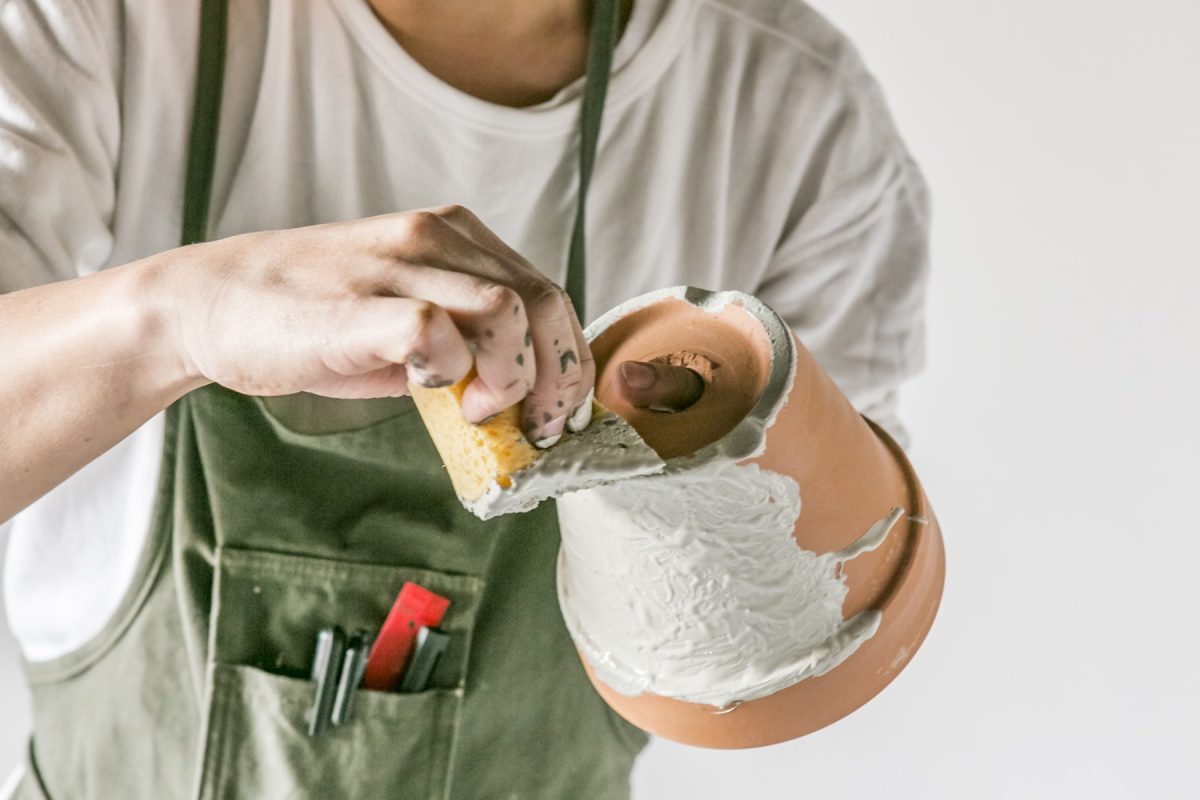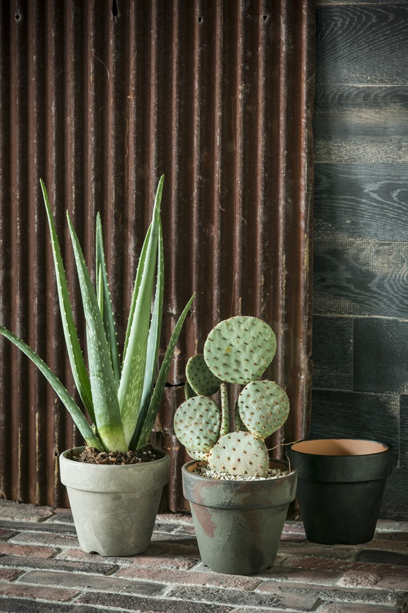 そこで今回は、素焼きのプランターをミリタリー風、セメント風、鉄風にペイントしてみた。ポイントはスポンジや刷毛でポンポンと叩くように塗ること。表面がザラッとした質感になるので、より本物っぽく見えるのでおすすめだ。
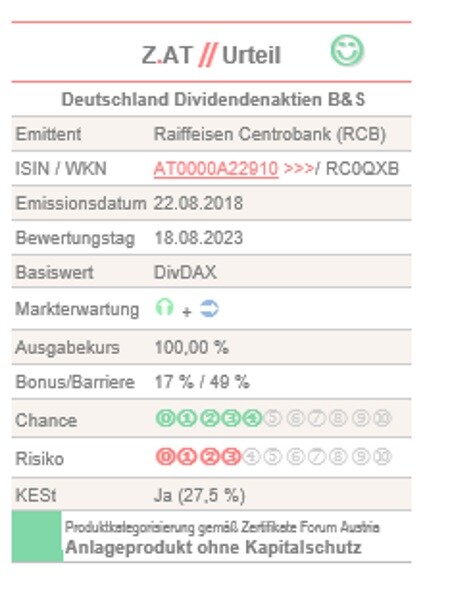 Neuemission: Deutschland Dividendenaktien Bonus&Sicherheit (Raiffeisen Centrobank)
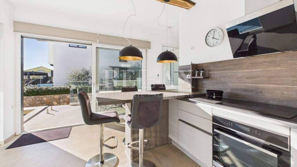 In Njivice, an einer attraktiven Lage nur 500 Meter vom Meer und 300 Meter vom Ortszentrum entfernt, steht eine luxuriöse Maisonette-Wohnung mit Pool und gepflegtem Garten zum Verkauf. Diese im Jahr 2022 erbaute Immobilie bietet hohen Wohnkomfort, hochwertige Bauweise und erstklassige Ausstattung.
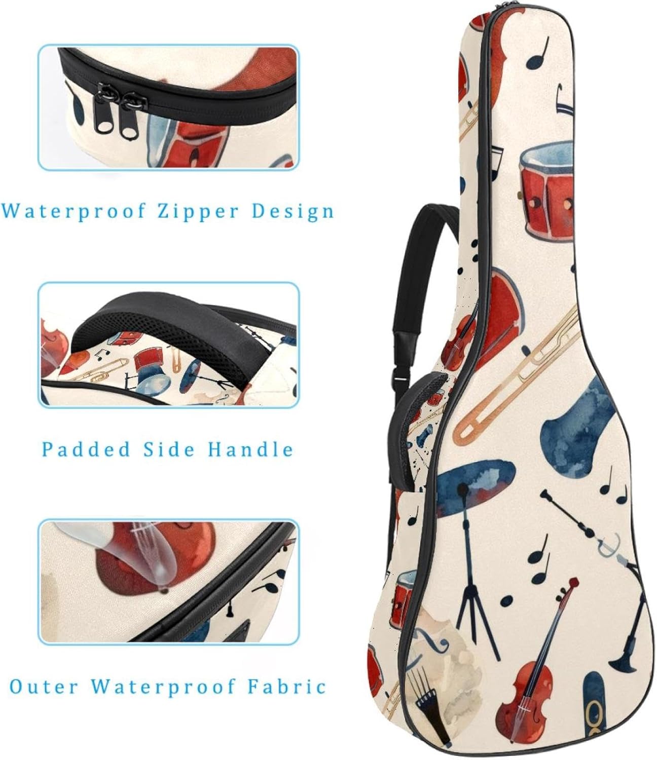 Specifications:Material: waterproof Oxford and waterproof zipper;Size: 42.9’’ x 16.9’’ x 4.7’’, perfect for 40'' 41'' 42'' guitar;Weight:36oz/1020g, lightweight;Color: Multi-color.Features:1. Adjustable backpack shoulder straps and padded side carry handle for more pleasant carrying choices.2. 10mm thick sponge padding inside provide protection for your musical instrument; and fixed Velcro above neck and body keep your acoustic guitar bag safer.3. This guitar bag comes with back hanger loop can be hung on the wall. Save more space when not in use.4. Two pockets for storage convenience, 1 large capacity pocket on outside back and 1 small pocket on the inside neck.5. Cute printed guitar gig bag guitar case backpack, ideal as a gift for your relatives or friends who love music when birthday, Thanksgiving, Christmas, holidays, and other special events.
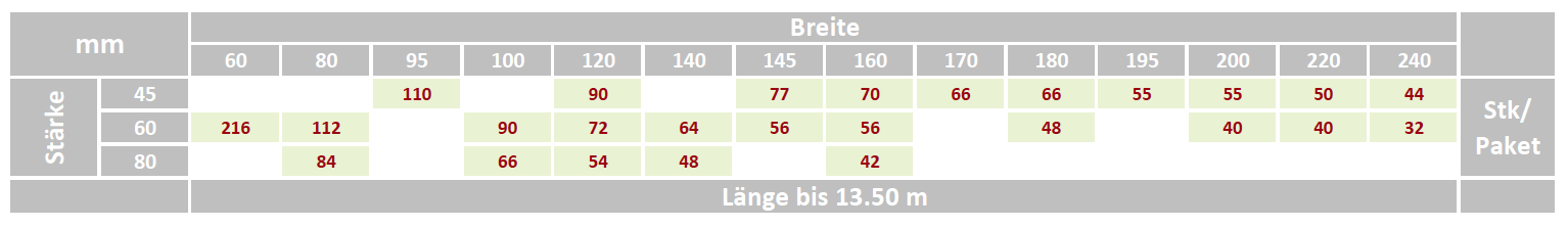 Aufgrund seines Einschnitts und der niedrigen Holzfeuchte neigt es weniger zu Rissbildung, ist formstabil und kommt in der Regel ohne chemischen Holzschutz aus.
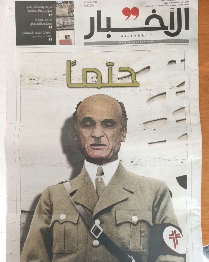 എല്എഫ് നേതാവ് സമീര് ഗിയാഗിയയെ അഡോള്ഫ് ഹിറ്റ്ലറുമായി ഉപമിച്ച് ഹിസ്ബുള്ള അനുകൂല പത്രം 'അല് അഖ്ബര്' ഫോട്ടോ പ്രസിദ്ധീകരിച്ചിട്ടുണ്ട്. സൈനിക യൂനിഫോം ധരിച്ച് ഹിറ്റലറുടെ മീശയുമായുള്ള സമീറിന്റെ പടമാണ് 'സംശയമില്ല (അയാള് കൊലപാതകത്തിന് ഉത്തരവിട്ടു)' എന്ന വാക്കുകള്ക്കൊപ്പം പ്രസിദ്ധീകരിച്ചിട്ടുള്ളത്.
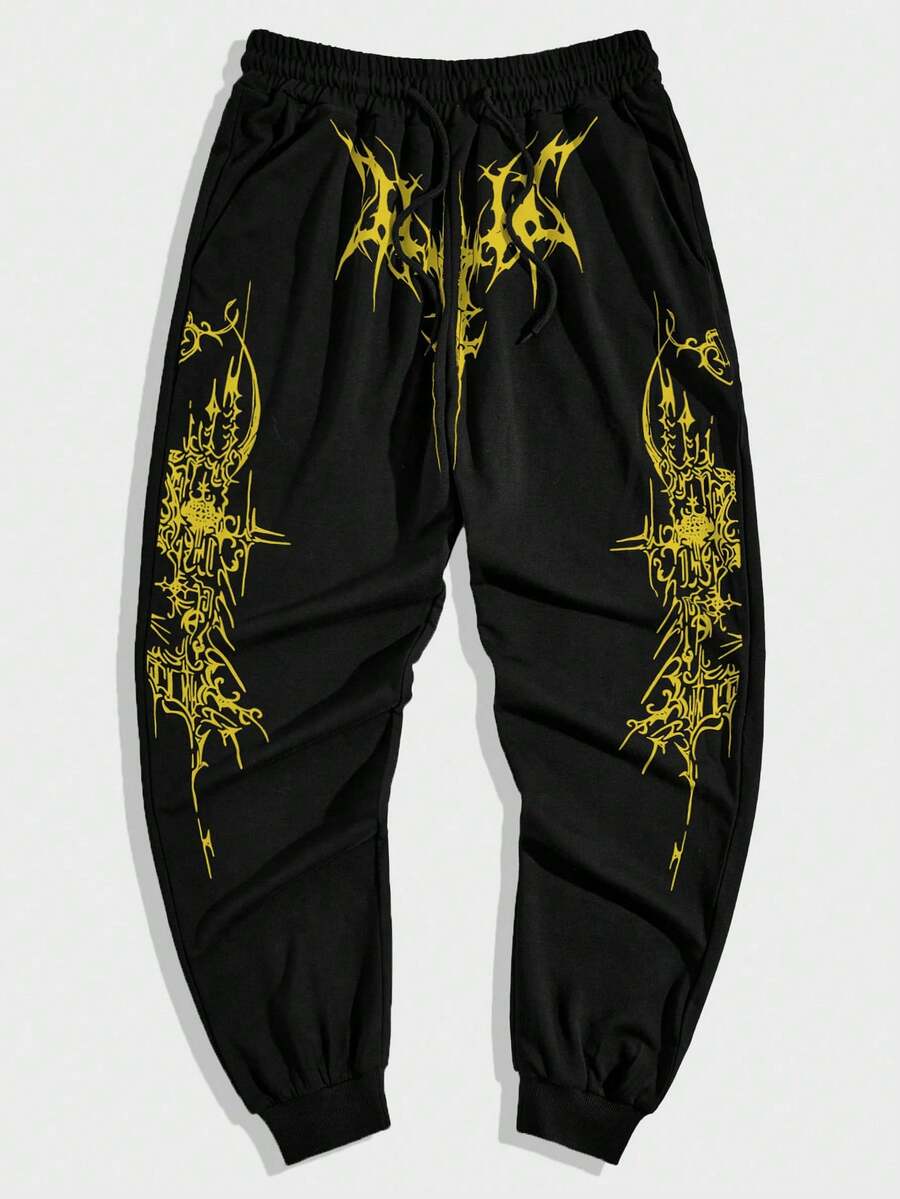 Herren Gothic Muster Jogginghose mit Kordelzug und Taschen
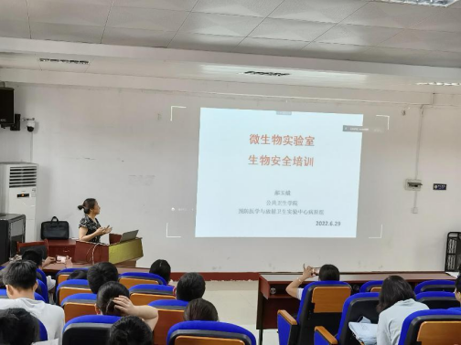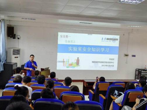 为了进一步加强暑期实验室安全管理工作,强化安全意识和责任,公司预防医学与放射卫生实验中心于2022年6月29日下午在医学楼101学术报告厅举行实验室安全教育培训,2021级研究生和部分本科生参加了本次安全教育培训。
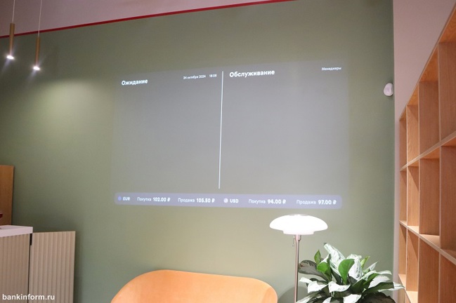 На электронном табло - проекции на стене - отображается номер клиента и фотография назначенного ему менеджера.
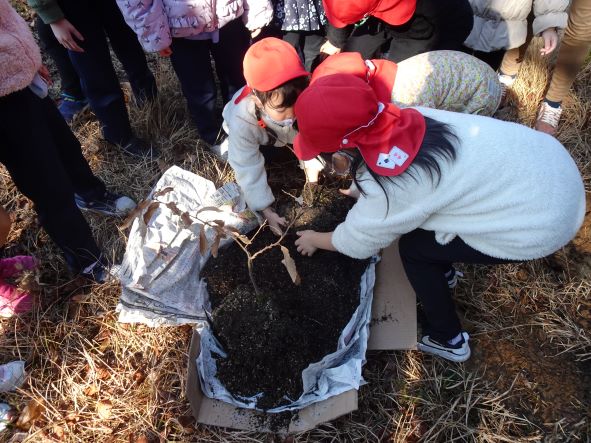 「全国子どもの森づくり運動」に加盟している当園の年長さんが、毎年携わっています。
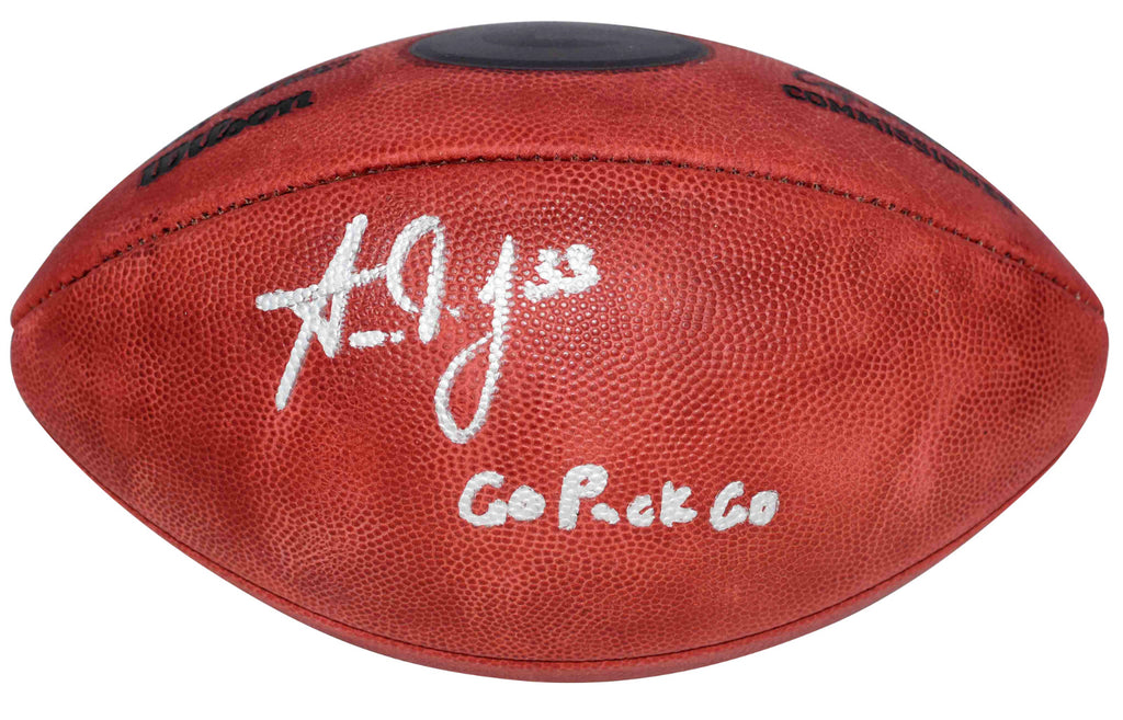Aaron Jones, star running back for the Green Bay Packers, has hand signed this official Wilson Duke game football with metallic team logo. He included the inscription "Go Pack Go" with his signature. This item is authenticated by Beckett Authentication Services and was signed in the presence of one of their representatives. Their tamper-evident hologram featuring a QR code and serial number is on the item. The authenticity can be verified online by entering the serial number or scanning the QR code.Item pictured may not be the exact item you will receive. It will be similar quality, and we guarantee your satisfaction.
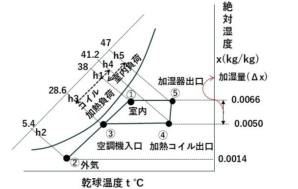 ➀:室内状態、②:外気状態、③:空調機入口状態、④:加熱コイル出口状態、⑤:加湿器出口状態(送風機入力状態)
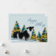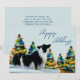 Tarjeta de Navidad del Border Collie en el árbol de Navidad en nieve invernal. Tranquilo paisaje invernal nevado con un adorable border collie blanco y negro y coloridos árboles de Navidad. Feliz Navidad en una fuente de moda. Tarjeta de vacaciones para un dueño de border collie. Puedes cambiar el texto o borrarlo.
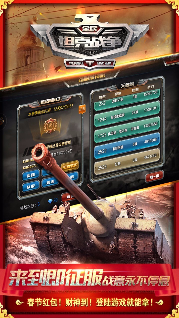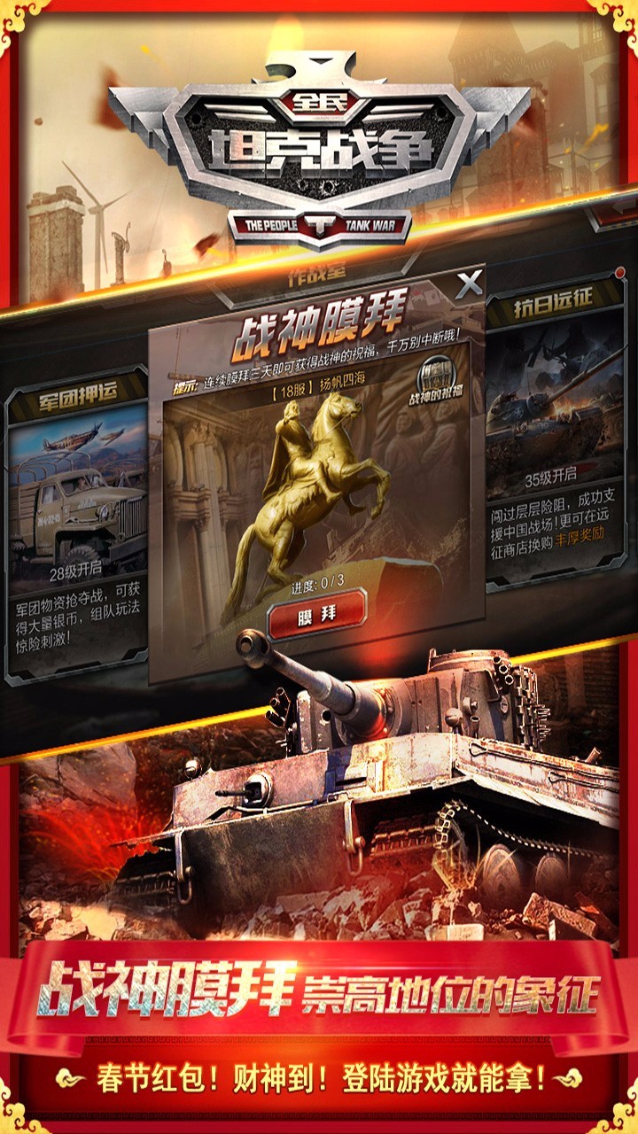 全民坦克战争ios版手游是一款非常经典的战斗RPG手游,游戏中玩家们享受不一样的战争游戏,多种类型坦克让玩家体验真实的坦克大战,玩家们快来战斗吧,非常好玩的游戏此前只能在军团中“面基”交流的战友们,马上就可以扎堆出征了!
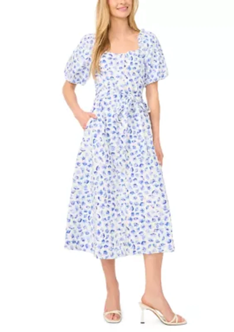 This lovely CeCe dress, with its charming A-line style and beautiful print, offers a chic look that's perfect for all-day wear. Button closure Sweetheart neck Short puff sleeves Lined Imported Product Specifications 43" L Material & Care 100% cotton Machine washable
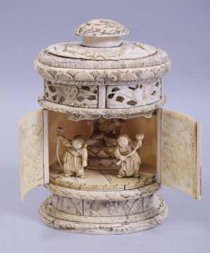 A JAPANESE MEIJI PERIOD CARVED IVORY BUDDHIST SHRINE, carved with immortal figures and openwork panels, doors opening to reveal a seated goddess and attendants, 16.5cm high (af).

**About this exercise**
Within the listing above, the lines from the one with "Herren Gothic Muster" through the one with "На электронном табло" are to be given again word for word. Do not include pictures.

**Result**
 Herren Gothic Muster Jogginghose mit Kordelzug und Taschen
 为了进一步加强暑期实验室安全管理工作,强化安全意识和责任,公司预防医学与放射卫生实验中心于2022年6月29日下午在医学楼101学术报告厅举行实验室安全教育培训,2021级研究生和部分本科生参加了本次安全教育培训。
 На электронном табло - проекции на стене - отображается номер клиента и фотография назначенного ему менеджера.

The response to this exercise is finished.